Lire aussi : Tunisie: opposants arrêtés, migrants dénigrés, journalistes bâillonnés... La machine répressive tourne à plein régime
«La légitimité de l’élection est forcément entachée quand les candidats qui pouvaient faire de l’ombre à M. Saïed ont été systématiquement écartés», a commenté pour l’AFP l’analyste politique tunisien Hatem Nafti. Le processus de sélection des candidatures avait été très contesté pour le nombre élevé de parrainages exigé, l’emprisonnement de candidats potentiels connus, et l’éviction par l’Isie des rivaux les plus solides du président, dont Mondher Zenaidi, un ancien ministre de Ben Ali.
Pour Pierre Vermeren, expert français du Maghreb, avec une abstention aussi forte, «la légitimité démocratique» de l’élection est «faible». Il a noté au passage des analogies avec les élections présidentielles dans l’Algérie voisine.
Élu en 2019 avec près de 73% des voix (et un taux de participation de 58%), Kaïs Saïed était encore ce populaire spécialiste de droit constitutionnel à l’image d’incorruptible, avant de s’emparer des pleins pouvoirs à l’été 2021, promettant l’ordre face à l’instabilité politique.
Lire aussi : Déçus de la politique, les jeunes Tunisiens veulent massivement quitter le pays
Trois ans plus tard, la majorité des Tunisiens lui reprochent d’avoir consacré une énergie excessive à régler ses comptes avec ses opposants, en particulier le parti islamo-conservateur Ennahdha, formation dominante pendant la décennie de démocratie ayant suivi le renversement de Ben Ali.

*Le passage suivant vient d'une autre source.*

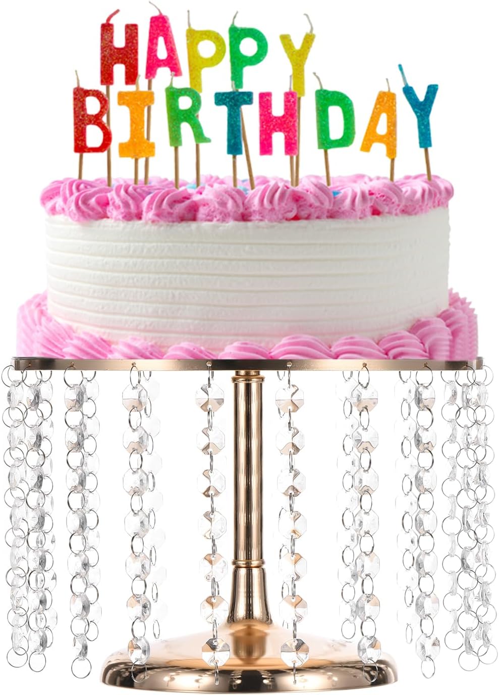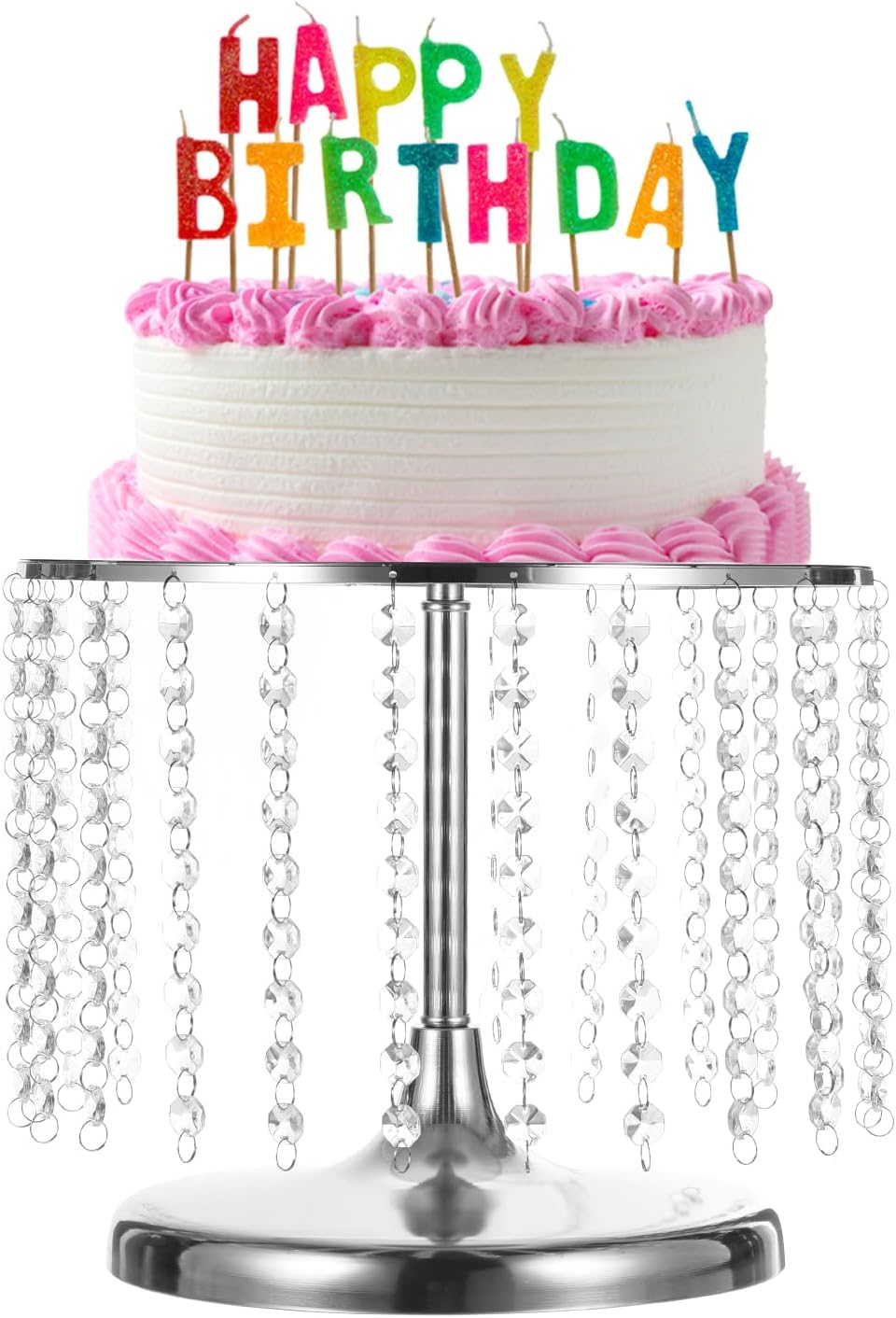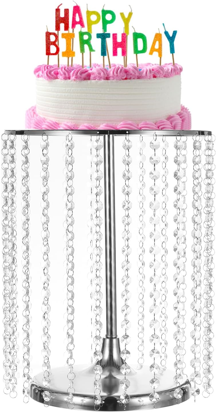 Advantage:Made of metal with a shiny metallic finish with acrylic crystal pendants and beads that sparkle in the light, when the sunlight hits the crystals stunning.The stand comes in two pieces; the base, and the cake plate. Just screw the top of the tray onto the base, you will get a crystal cake stand.Easy to clean, just wipe the surface with a wet cloth when needed. Not dishwasher, oven, or microwave oven.Great for display and storage of cakes, cookies, cupcakes, donut, and chocolate, or put it on the table as a decoration.Suitable for tea party, graduations, weddings, Christmas, thanksgiving, and more.Specification:Material: MetalColor: GoldDiameter: 30 cm/11.81 inchHeight: 20 cm/7.87 inchPackage Included: 1pcs x wedding cake stand
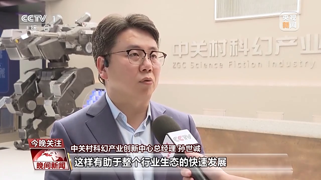 中關(guan) 村科幻產(chan) 業(ye) 創新中心總經理 孫世誠:幫助企業(ye) 把它的技術能夠快速地產(chan) 品化和公共化,有助於(yu) 整個(ge) 行業(ye) 生態的快速發展,2023年,科幻產(chan) 業(ye) 創新中心的產(chan) 值大概是六個(ge) 億(yi) 。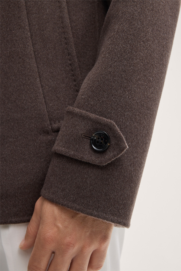 In a double-face wool finish, the Doppio Caban jacket excels as a stylish all-rounder. Distinctive buttons, the lapel collar and side slit pockets create this smart look. Modern tab details on the cuffs add accents.
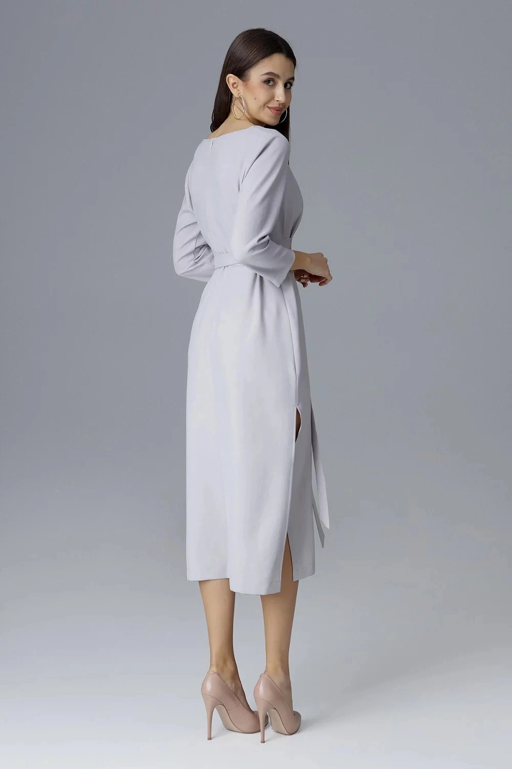 Šedé midi šaty s véčkovým výstrihom a elastickým pásikom v páse. Prídavný látkový opasok. Asymetrick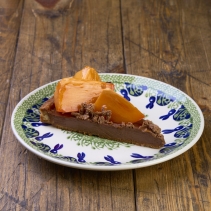 Легкий песочный корж из миндальной муки с шоколадной прослойкой и сладкой хурмой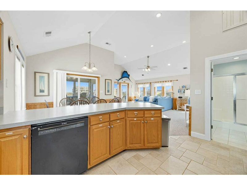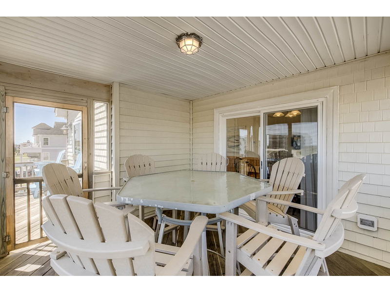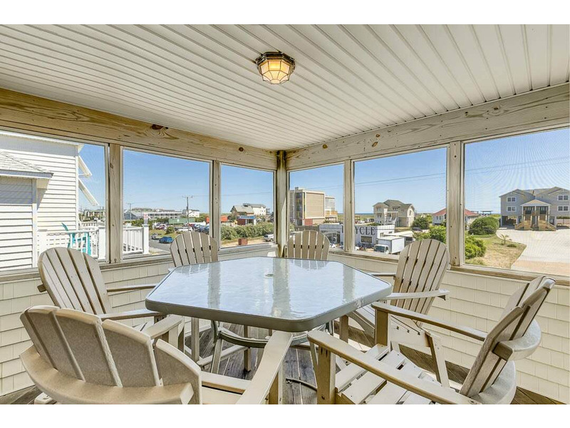 - Top-Level: Partial ocean views from the front deck, an open kitchen with a large bar, dining table, and living area, plus a screened porch with seating for six.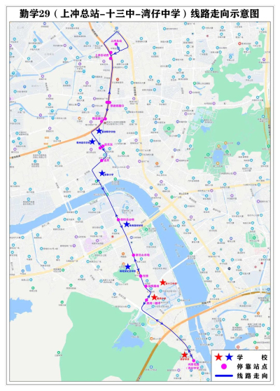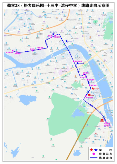 为合理调整资源配置,结合新开的勤学27、28、29路服务覆盖,“湾仔中学-华发新城”专线暂停运营。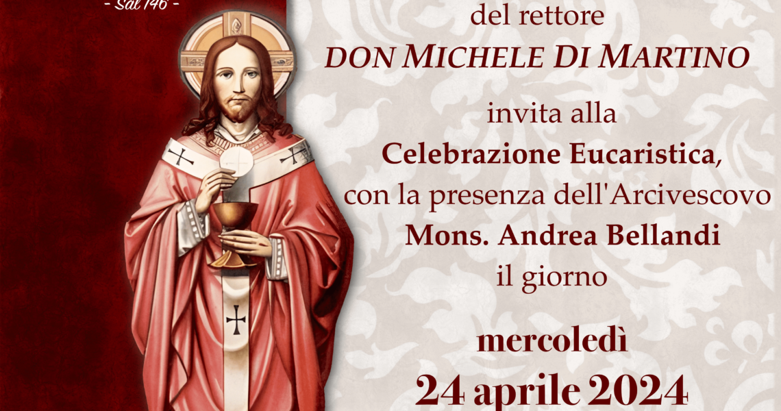 Mercoledì 24 aprile alle ore 18.30 presso la Cappella Maggiore del Seminario Metropolitano si terrà la Celebrazione Eucaristica con la presenza di S.E. Mons Andrea Bellandi in occasione del 25° anniversario di sacerdozio di don Michele Di Martino.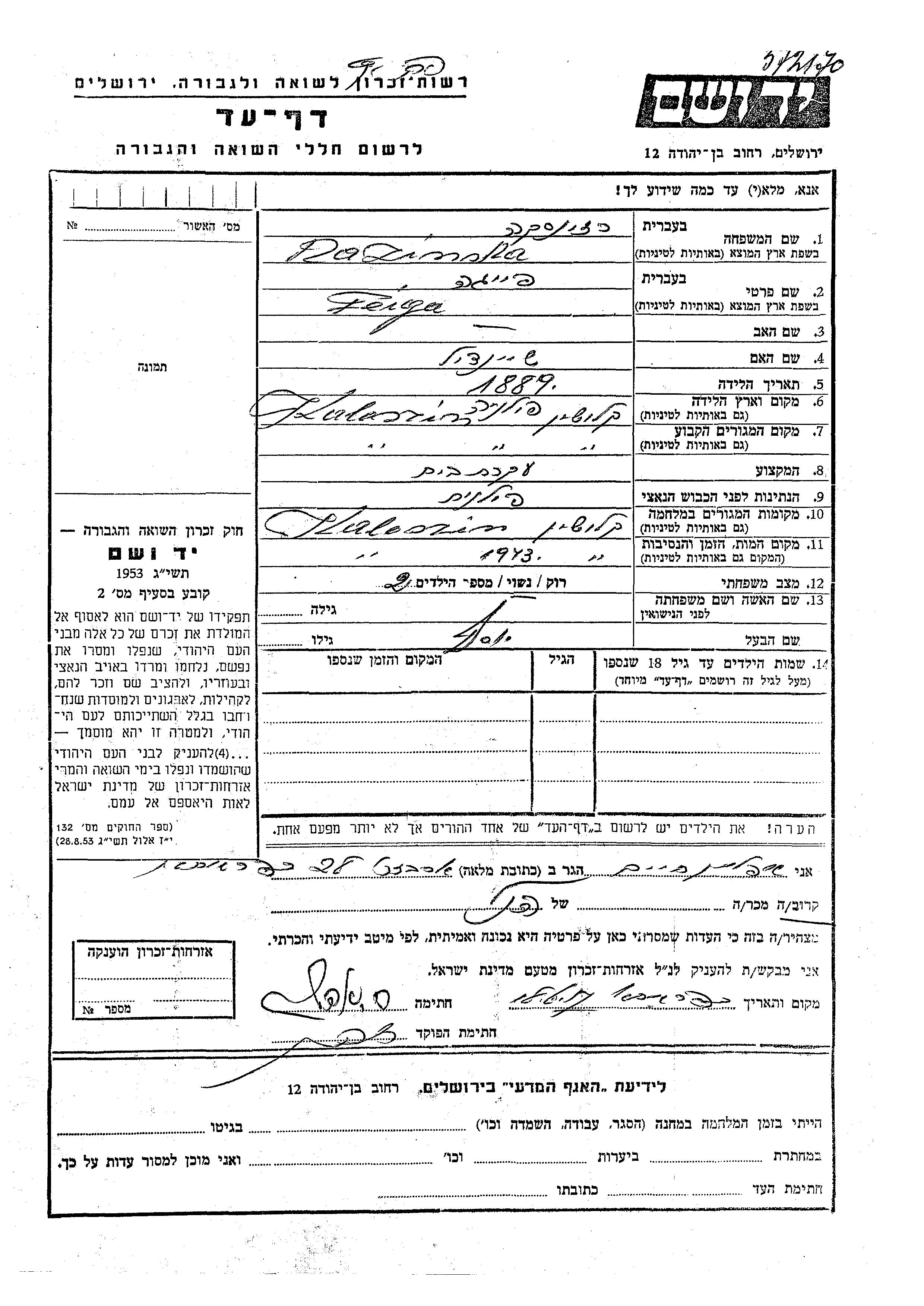 Яд Вашем - Листы свидетельских показаний Мемориального фонда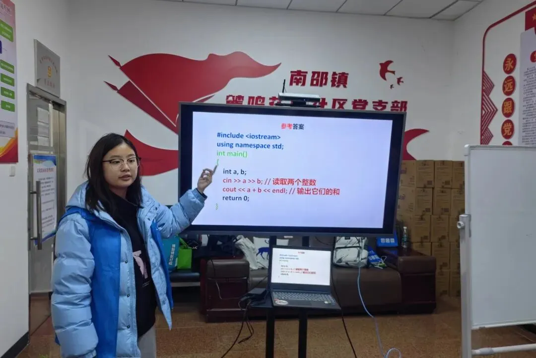 课堂不仅是知识的传授,更是一个互动与启发的过程。志愿者们通过精心设计的编程案例,帮助孩子们加深对编程概念的理解,并激发了他们的思考能力。孩子们在课堂上积极提问、热情讨论,志愿者们耐心解答,引导他们一步步走向更高效的编程实践。整个课堂氛围既紧张又充满乐趣。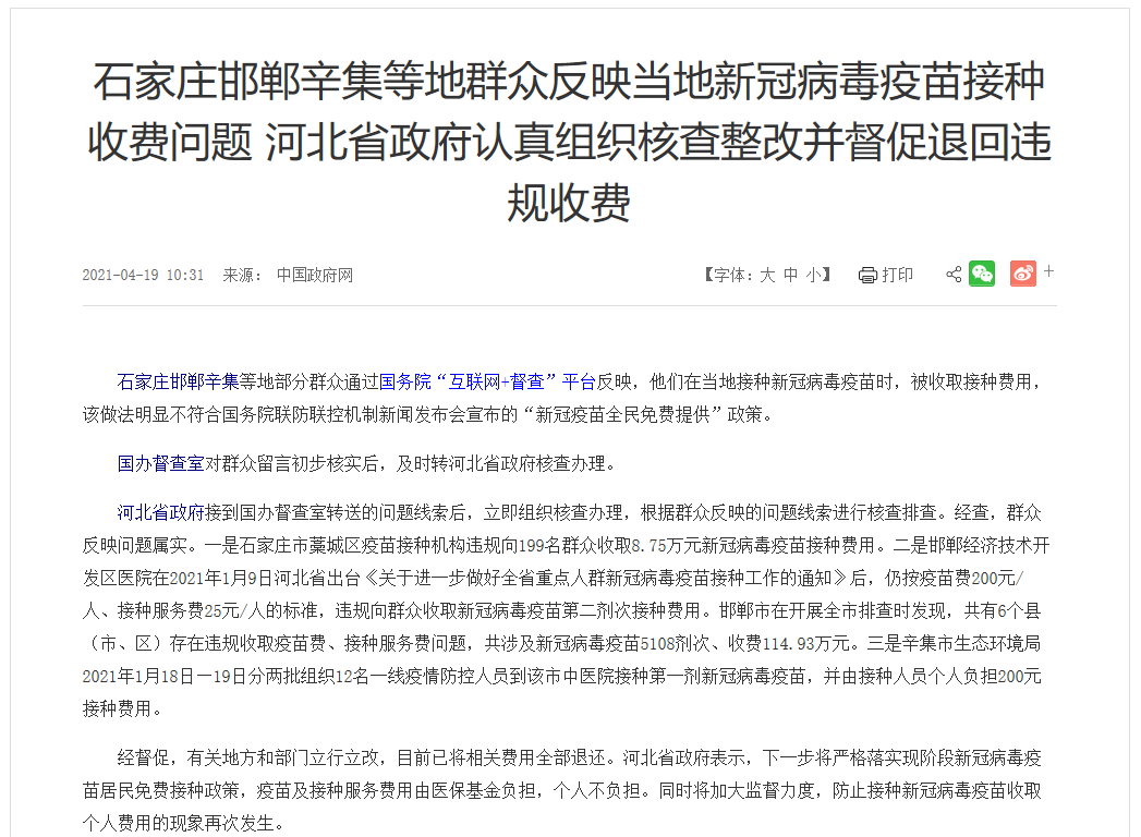 人民網北京4月20日電 (張文婷)近日,石家莊邯鄲辛集等地部分群眾通過國務院“互聯網+督查”平臺反映,他們在當地接種新冠病毒疫苗時,被收取接種費用,該做法明顯不符合國務院聯防聯控機制新聞發布會宣布的“新冠疫苗全民免費提供”政策。國辦督查室對群眾留言初步核實后,及時轉河北省政府核查辦理。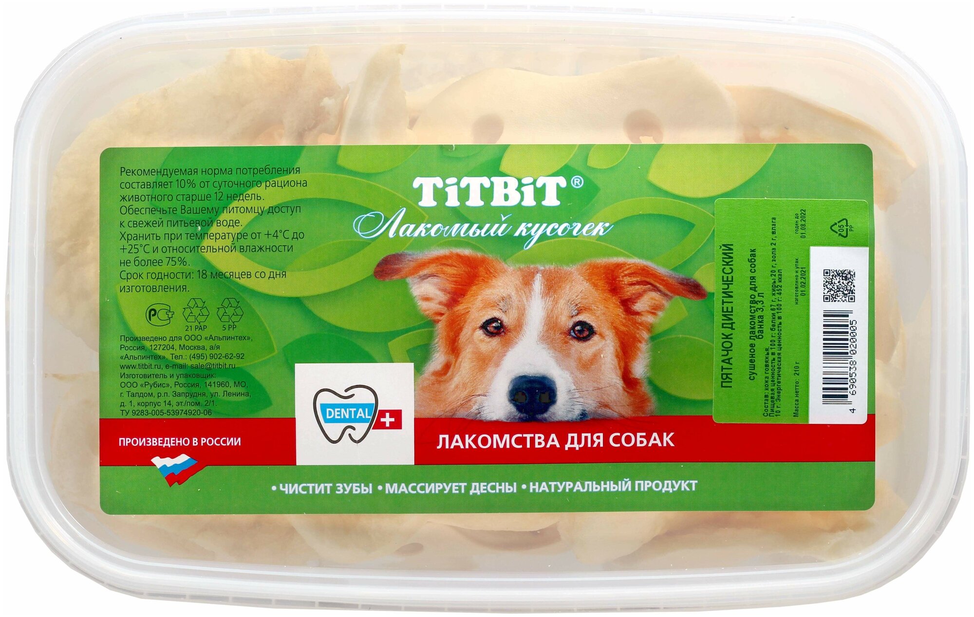 Лакомство для собак TitBit пятачок диетический банка пластиковая 3,3л 020005

Depuis son coup de force à l’été 2021, les ONG tunisiennes et étrangères ainsi que l’opposition dénoncent une «dérive autoritaire» du président, via un démantèlement des contre-pouvoirs et un étouffement de la société civile avec des arrestations de syndicalistes, militants, avocats et chroniqueurs politiques. Selon Human Rights Watch, «plus de 170 personnes sont actuellement détenues pour des motifs politiques ou pour avoir exercé leurs droits fondamentaux».
Vers un durcissement du pouvoir
Selon l’analyste Hatem Nafti, cette nouvelle victoire électorale peut annoncer un durcissement ultérieur du pouvoir à l’égard des voix critiques, car Kaïs Saïed pourra «faire valoir son sacre pour justifier la répression».
Prenant la parole dimanche soir dans son quartier général de campagne, le président réélu a affirmé, sur un ton martial, vouloir «poursuivre la Révolution de 2011» et bâtir «un pays nettoyé des corrompus et des complots». «La Tunisie restera libre et indépendante et n’acceptera jamais l’ingérence étrangère», a ajouté l’homme qui a pourtant allègrement vassalisé son pays au service de l’agenda de son voisin algérien.